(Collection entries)

☆ ☆ ☆

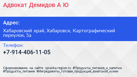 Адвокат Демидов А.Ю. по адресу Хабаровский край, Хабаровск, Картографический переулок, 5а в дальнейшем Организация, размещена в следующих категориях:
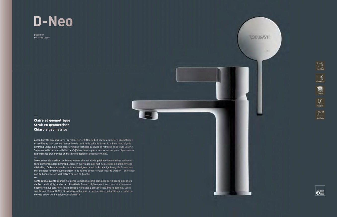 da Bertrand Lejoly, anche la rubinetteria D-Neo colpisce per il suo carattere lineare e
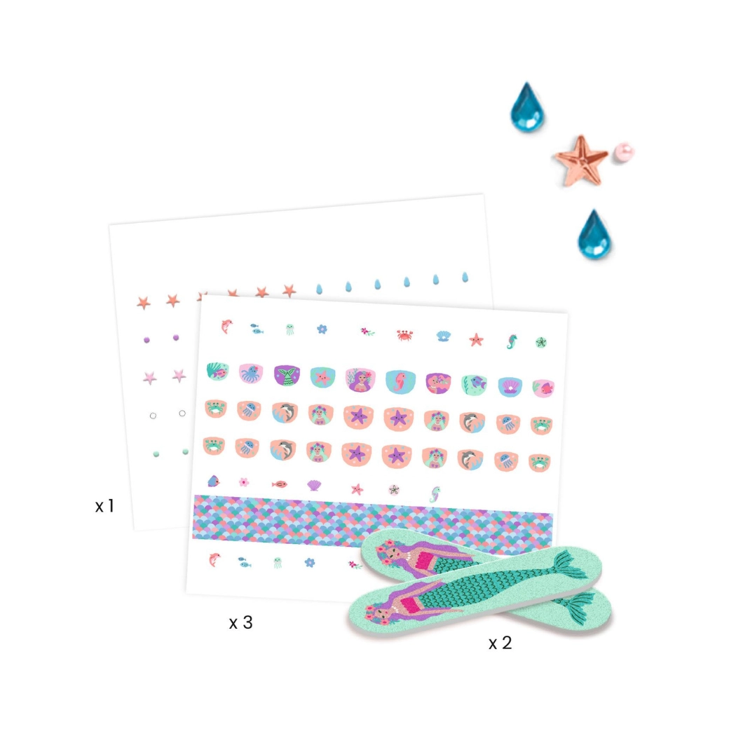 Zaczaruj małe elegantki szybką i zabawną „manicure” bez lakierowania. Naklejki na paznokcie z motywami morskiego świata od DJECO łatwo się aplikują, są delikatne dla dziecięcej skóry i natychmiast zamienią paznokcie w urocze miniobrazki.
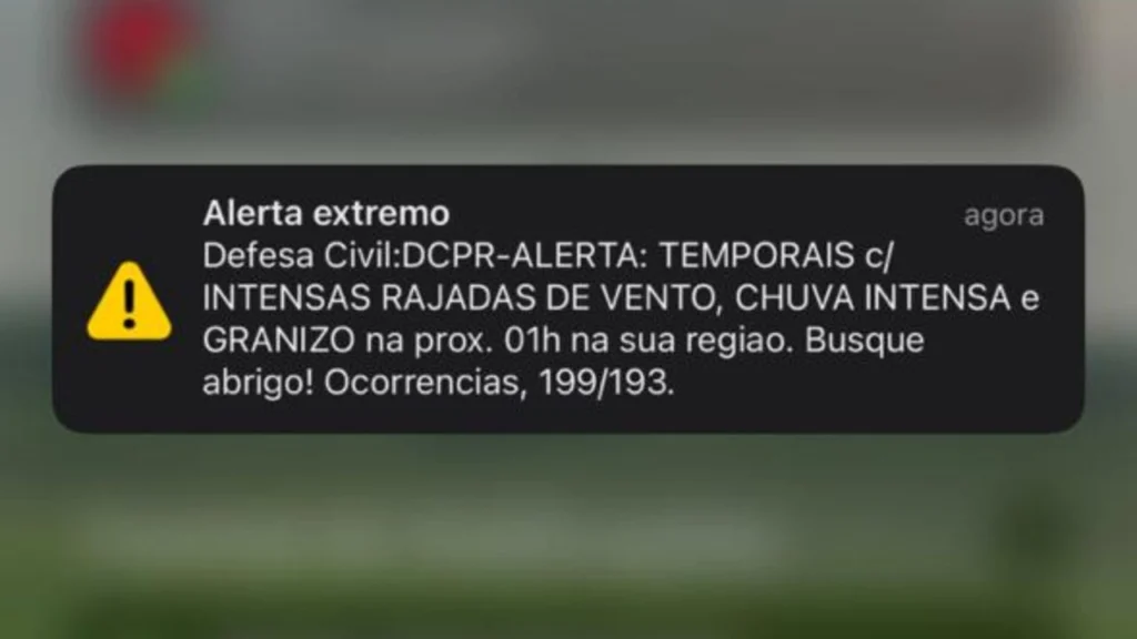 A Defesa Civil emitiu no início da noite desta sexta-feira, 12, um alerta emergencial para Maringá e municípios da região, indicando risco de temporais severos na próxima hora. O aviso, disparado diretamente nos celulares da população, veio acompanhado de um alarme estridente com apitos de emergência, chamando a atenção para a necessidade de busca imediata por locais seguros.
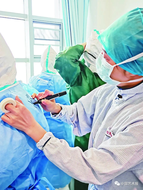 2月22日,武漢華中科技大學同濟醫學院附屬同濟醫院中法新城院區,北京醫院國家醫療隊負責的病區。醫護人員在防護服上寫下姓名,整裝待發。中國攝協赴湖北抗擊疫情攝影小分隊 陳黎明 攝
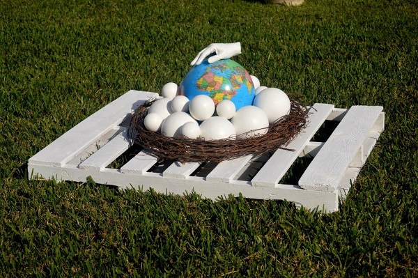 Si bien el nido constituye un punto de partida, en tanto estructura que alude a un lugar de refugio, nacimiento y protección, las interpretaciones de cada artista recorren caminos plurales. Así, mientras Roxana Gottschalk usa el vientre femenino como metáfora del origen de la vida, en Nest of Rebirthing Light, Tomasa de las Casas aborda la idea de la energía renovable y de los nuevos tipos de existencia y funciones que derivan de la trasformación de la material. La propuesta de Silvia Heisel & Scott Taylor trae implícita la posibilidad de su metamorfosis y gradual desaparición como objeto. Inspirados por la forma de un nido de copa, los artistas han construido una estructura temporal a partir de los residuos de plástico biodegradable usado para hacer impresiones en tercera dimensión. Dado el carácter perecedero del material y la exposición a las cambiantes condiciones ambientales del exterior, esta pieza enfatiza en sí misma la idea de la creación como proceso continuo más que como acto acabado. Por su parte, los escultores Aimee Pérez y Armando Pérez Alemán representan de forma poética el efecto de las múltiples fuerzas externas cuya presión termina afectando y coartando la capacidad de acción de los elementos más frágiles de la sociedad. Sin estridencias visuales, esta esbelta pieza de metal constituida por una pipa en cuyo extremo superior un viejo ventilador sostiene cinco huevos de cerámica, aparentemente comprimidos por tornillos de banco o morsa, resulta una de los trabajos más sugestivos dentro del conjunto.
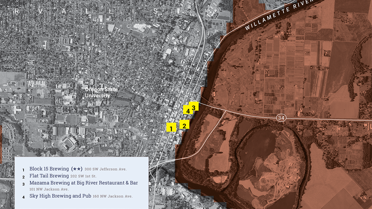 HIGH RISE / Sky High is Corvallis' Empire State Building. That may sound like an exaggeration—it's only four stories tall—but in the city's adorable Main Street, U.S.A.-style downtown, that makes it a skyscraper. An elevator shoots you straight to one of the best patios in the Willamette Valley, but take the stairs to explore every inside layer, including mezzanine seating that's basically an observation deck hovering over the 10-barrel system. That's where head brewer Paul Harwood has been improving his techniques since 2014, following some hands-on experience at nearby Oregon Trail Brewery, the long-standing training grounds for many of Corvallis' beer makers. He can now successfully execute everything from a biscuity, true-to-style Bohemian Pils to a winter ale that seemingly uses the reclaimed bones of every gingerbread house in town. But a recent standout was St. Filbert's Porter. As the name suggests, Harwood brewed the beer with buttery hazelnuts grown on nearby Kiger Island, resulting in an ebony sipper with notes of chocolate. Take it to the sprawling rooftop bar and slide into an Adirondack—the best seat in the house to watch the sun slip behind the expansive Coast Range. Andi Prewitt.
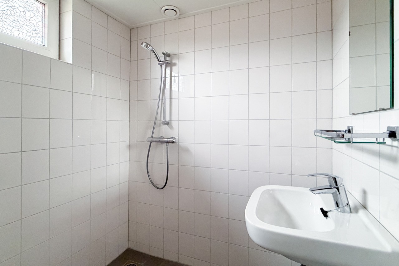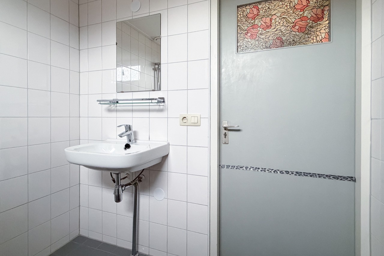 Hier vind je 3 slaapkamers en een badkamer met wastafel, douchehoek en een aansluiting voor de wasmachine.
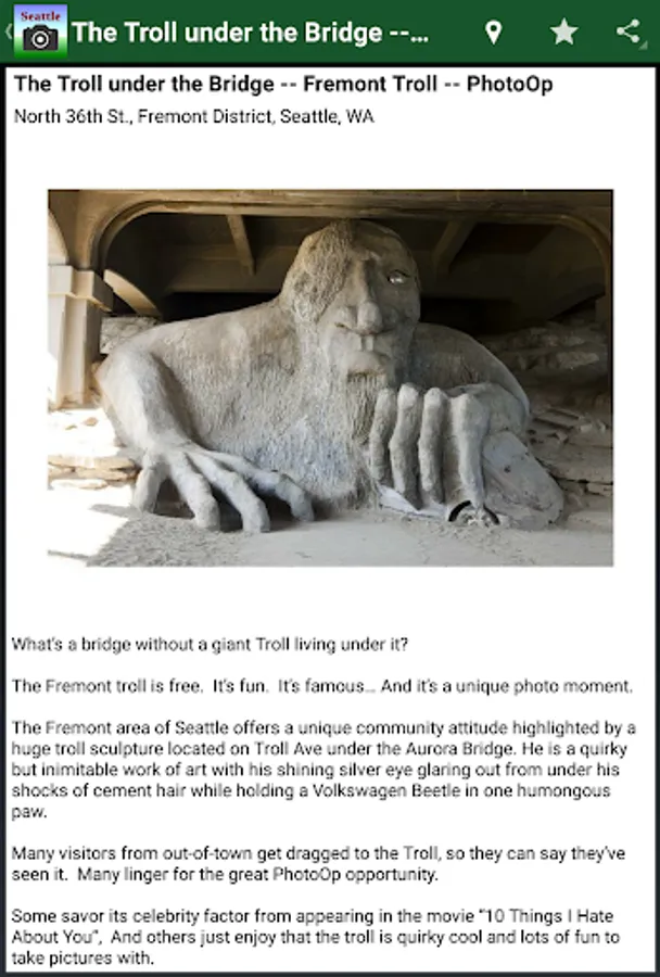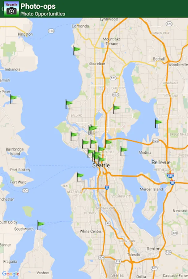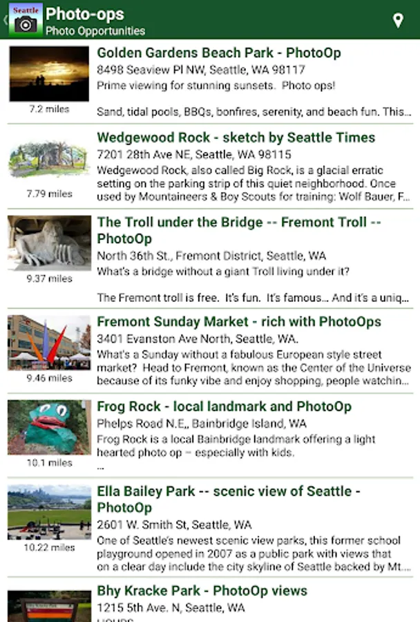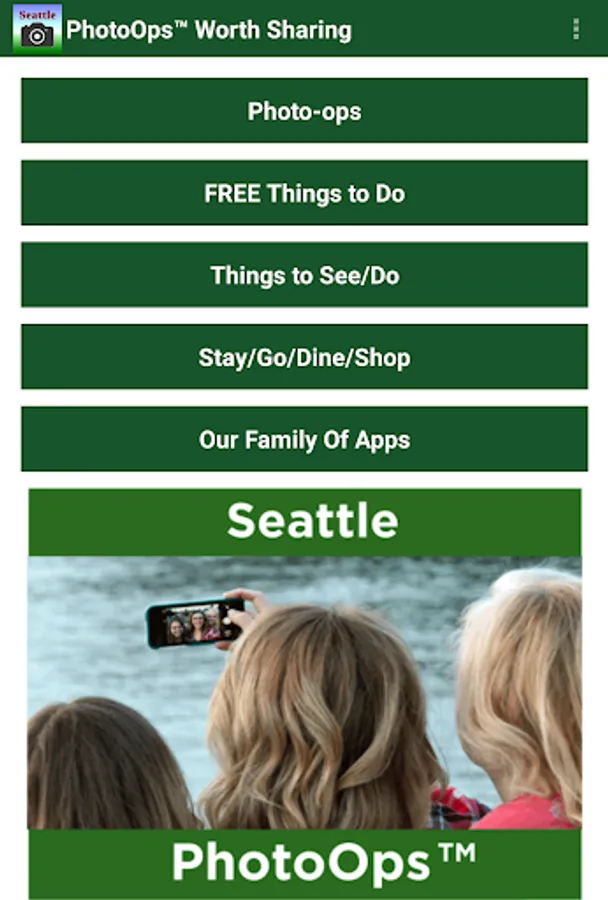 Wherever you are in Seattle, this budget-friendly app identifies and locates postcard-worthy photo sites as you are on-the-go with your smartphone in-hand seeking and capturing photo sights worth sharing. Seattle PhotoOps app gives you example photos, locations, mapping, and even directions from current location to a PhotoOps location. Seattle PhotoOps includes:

☆ ☆ ☆

Only the records, copied exactly and free of pictures, belong in the answer.

 Адвокат Демидов А.Ю. по адресу Хабаровский край, Хабаровск, Картографический переулок, 5а в дальнейшем Организация, размещена в следующих категориях:
 da Bertrand Lejoly, anche la rubinetteria D-Neo colpisce per il suo carattere lineare e
 Zaczaruj małe elegantki szybką i zabawną „manicure” bez lakierowania. Naklejki na paznokcie z motywami morskiego świata od DJECO łatwo się aplikują, są delikatne dla dziecięcej skóry i natychmiast zamienią paznokcie w urocze miniobrazki.
 A Defesa Civil emitiu no início da noite desta sexta-feira, 12, um alerta emergencial para Maringá e municípios da região, indicando risco de temporais severos na próxima hora. O aviso, disparado diretamente nos celulares da população, veio acompanhado de um alarme estridente com apitos de emergência, chamando a atenção para a necessidade de busca imediata por locais seguros.
 2月22日,武漢華中科技大學同濟醫學院附屬同濟醫院中法新城院區,北京醫院國家醫療隊負責的病區。醫護人員在防護服上寫下姓名,整裝待發。中國攝協赴湖北抗擊疫情攝影小分隊 陳黎明 攝
 Si bien el nido constituye un punto de partida, en tanto estructura que alude a un lugar de refugio, nacimiento y protección, las interpretaciones de cada artista recorren caminos plurales. Así, mientras Roxana Gottschalk usa el vientre femenino como metáfora del origen de la vida, en Nest of Rebirthing Light, Tomasa de las Casas aborda la idea de la energía renovable y de los nuevos tipos de existencia y funciones que derivan de la trasformación de la material. La propuesta de Silvia Heisel & Scott Taylor trae implícita la posibilidad de su metamorfosis y gradual desaparición como objeto. Inspirados por la forma de un nido de copa, los artistas han construido una estructura temporal a partir de los residuos de plástico biodegradable usado para hacer impresiones en tercera dimensión. Dado el carácter perecedero del material y la exposición a las cambiantes condiciones ambientales del exterior, esta pieza enfatiza en sí misma la idea de la creación como proceso continuo más que como acto acabado. Por su parte, los escultores Aimee Pérez y Armando Pérez Alemán representan de forma poética el efecto de las múltiples fuerzas externas cuya presión termina afectando y coartando la capacidad de acción de los elementos más frágiles de la sociedad. Sin estridencias visuales, esta esbelta pieza de metal constituida por una pipa en cuyo extremo superior un viejo ventilador sostiene cinco huevos de cerámica, aparentemente comprimidos por tornillos de banco o morsa, resulta una de los trabajos más sugestivos dentro del conjunto.
 HIGH RISE / Sky High is Corvallis' Empire State Building. That may sound like an exaggeration—it's only four stories tall—but in the city's adorable Main Street, U.S.A.-style downtown, that makes it a skyscraper. An elevator shoots you straight to one of the best patios in the Willamette Valley, but take the stairs to explore every inside layer, including mezzanine seating that's basically an observation deck hovering over the 10-barrel system. That's where head brewer Paul Harwood has been improving his techniques since 2014, following some hands-on experience at nearby Oregon Trail Brewery, the long-standing training grounds for many of Corvallis' beer makers. He can now successfully execute everything from a biscuity, true-to-style Bohemian Pils to a winter ale that seemingly uses the reclaimed bones of every gingerbread house in town. But a recent standout was St. Filbert's Porter. As the name suggests, Harwood brewed the beer with buttery hazelnuts grown on nearby Kiger Island, resulting in an ebony sipper with notes of chocolate. Take it to the sprawling rooftop bar and slide into an Adirondack—the best seat in the house to watch the sun slip behind the expansive Coast Range. Andi Prewitt.
 Hier vind je 3 slaapkamers en een badkamer met wastafel, douchehoek en een aansluiting voor de wasmachine.
 Wherever you are in Seattle, this budget-friendly app identifies and locates postcard-worthy photo sites as you are on-the-go with your smartphone in-hand seeking and capturing photo sights worth sharing. Seattle PhotoOps app gives you example photos, locations, mapping, and even directions from current location to a PhotoOps location. Seattle PhotoOps includes:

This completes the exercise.